И тут Сидоров проснулся. Никакая то была не кровь: за окнами печально разлилась багровая полоса рассвета. Голова казалась тяжёлой, но не больною, не заражённою. Видимо, выпил лишнего. Однако думалось легко – обо всём знакомом и обыденном. События же предыдущего дня рисовались весьма туманно, будто сон. Было ли всё это? Пьяный вирус, Дрыльпупель, Фраерцыгель… Не чепуха ли это, не галлюцинации ли? Пожалуй, так оно и есть. Простоквариум – вон там он: поезжай и потрогай. Вася Ташкент – налицо: разбуди его, и он окатит тебя запахом лука. Коньяк – тоже материален: стоит себе на столе, бутылка ополовинена, рюмка тут же пристроилась. А учёные враги, стыдологическая камера и тот синтетический вирус – всё сон, глупый похмельный сон. Но по какому же поводу Сидоров напился?

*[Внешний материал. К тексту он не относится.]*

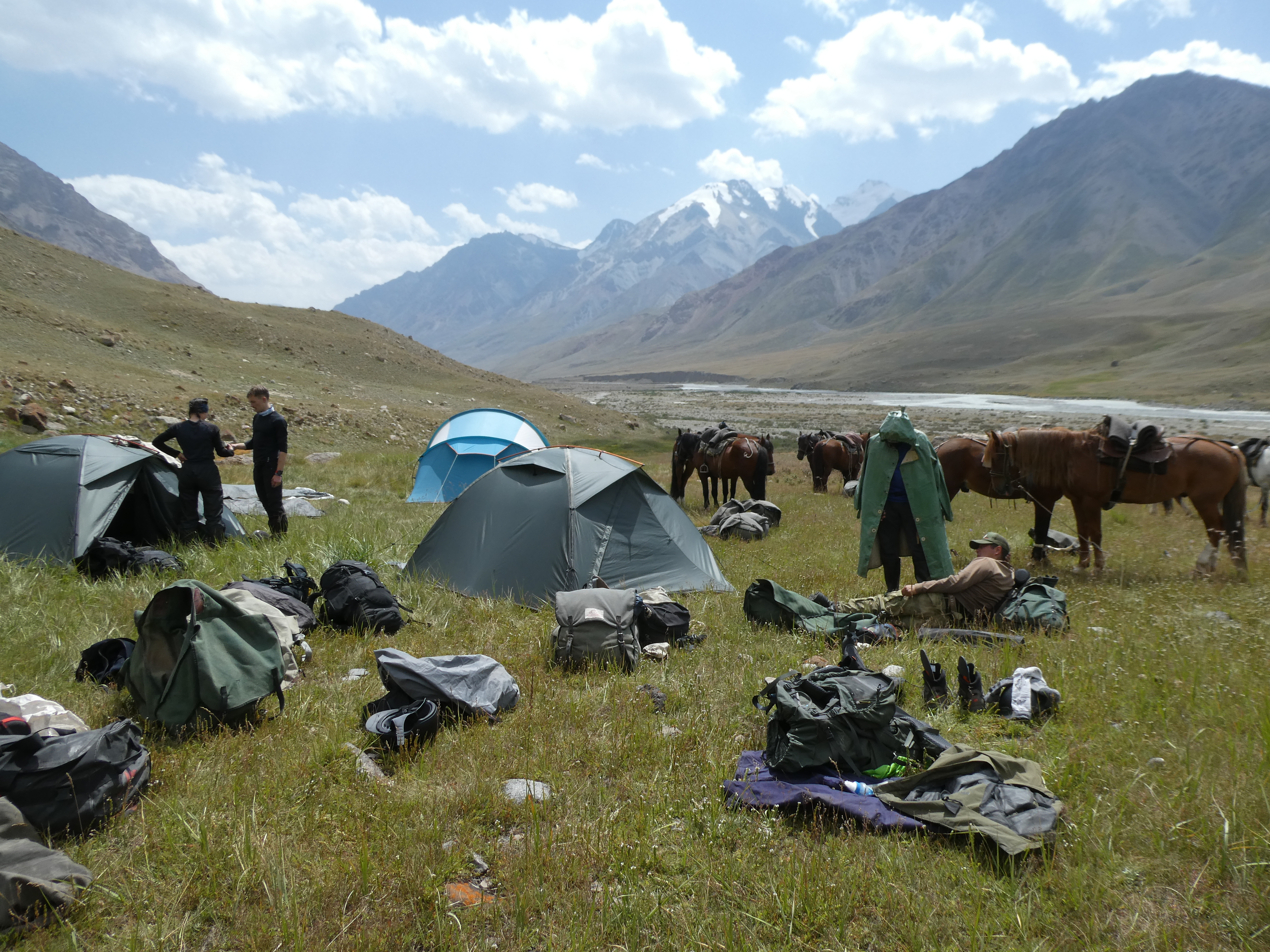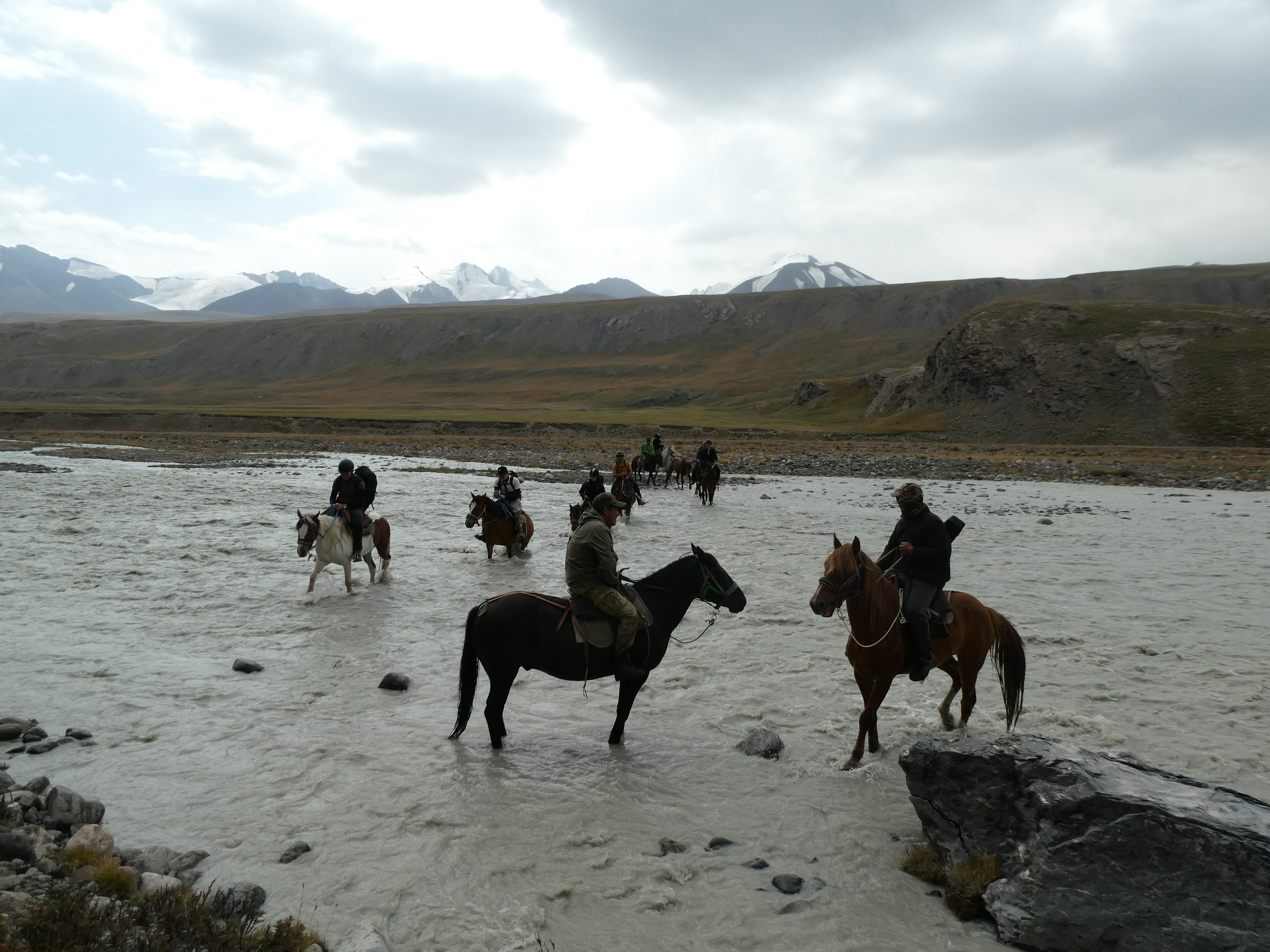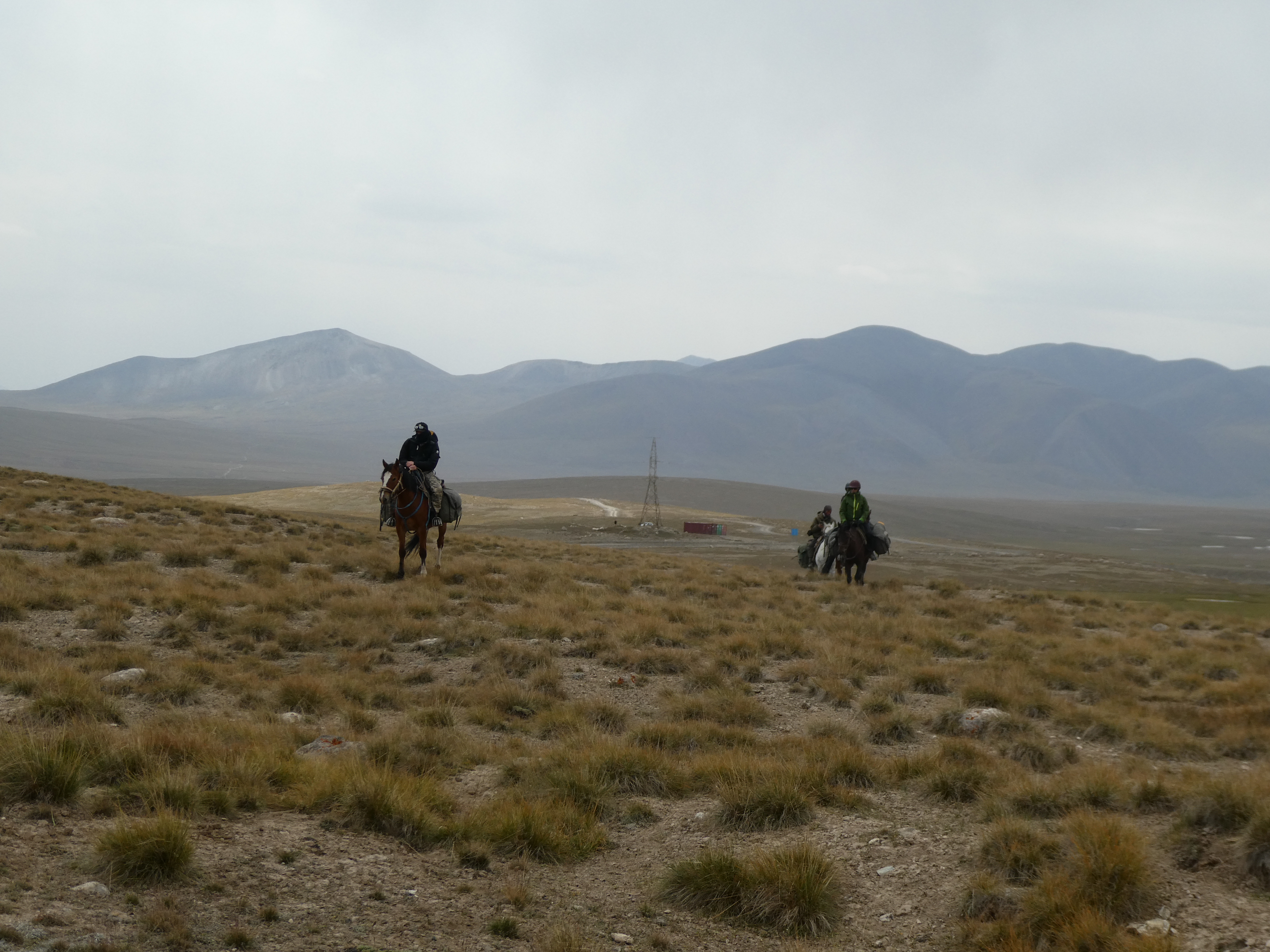 La nuit a été courte pour certains...! On charge les véhicules, les gardes redescendent également sur Issyk Kul. Un gypaète nous survole en guise d’adieu. En route au poste militaire de Kara Sai (car nous sommes à moins de 50km de la frontière chinoise, ce qui nécessite des autorisations particulières) nous croisons une multitude de cyclistes. En ce moment se tient la course « Silk Road » à travers les steppes et sommets kirghizes avec plusieurs centaines de participants du monde entier. Le fils d’un ami de Jean-Phi participe mais on ne le croise pas ! On passe par le col de Seok à 4000m vestige d’une histoire particulière sous l’ère soviétique.

Однако пора вставать. Хотя… Не поспать ли еще часок? Куда торопиться?
Ну вот, теперь всё в порядке, бодрость и свежесть в теле. Холодной воды в лицо, чашку кофе покрепче – опять нормальный человек. Вот и Вася Ташкент: смахивает себе тихонько тряпочкою пыль с автомобиля. Привычная дорога, привычный простоквариум, покой, тишина и уют кабинета.
И вдруг благоговейную тишину грубо порвал телефонный звонок. Сидоров взял трубку и начал слушать. Лицо его становилось бледным. В трубке звенел незнакомый металлический голос, чеканивший фразы: «Ваши показания нам очень нужны. Доктор Фраерцыгель и академик Дрыльпупель найдены мёртвыми. Возможно, им подложили сильный яд. Труп профессора Какеля похищен из анатомического театра. Алло! Вы меня слушаете?». Но Сидоров уже не мог ничего слышать. Он сползал на пол, держа в одной руке трубку, а другою указывая в потолок. Шляпа надвигалась на его безумные, с краснеющими белками глаза. А в воздухе, не касаясь пола, плясали польку-бабочку Дрыльпупель и Фраерцыгель. Сияние разливалось над их головами, и в нём, будто в зеркале, Сидоров увидел собственный труп.
ЧУДЕСА БЫВАЮТ
Марциан думал о самоубийстве, и это было нелегко. Не говоря уже о том, что лишать себя жизни грешно и преступно, надо заметить, что спасаться таким способом от карточных долгов – смешно и трусливо. Что о нём станут думать сын и Камилла? Как они выживут без него? Сын ещё мал, а Камиллу, молодую, нежную женщину, смерть любимого мужа может свести в могилу.
Впрочем, так ли нужно самоубийство, если можно отыграться? Но к чему этот самообман? Отыграться уже невозможно; не лги сам себе, Марциан! Все надежды в прошлом, их теперь нет. Вот тьма охватывает сад; вот воздух свежеет и становится прохладным; вот луна засияла; вот звёзды высыпались на небесное блюдо. Тьма и воздух почти осязаемы: они есть. Луна и звёзды видимы: и они есть. А рухнувшие надежды неосязаемы и невидимы: стало быть, нет их, и надеяться невозможно.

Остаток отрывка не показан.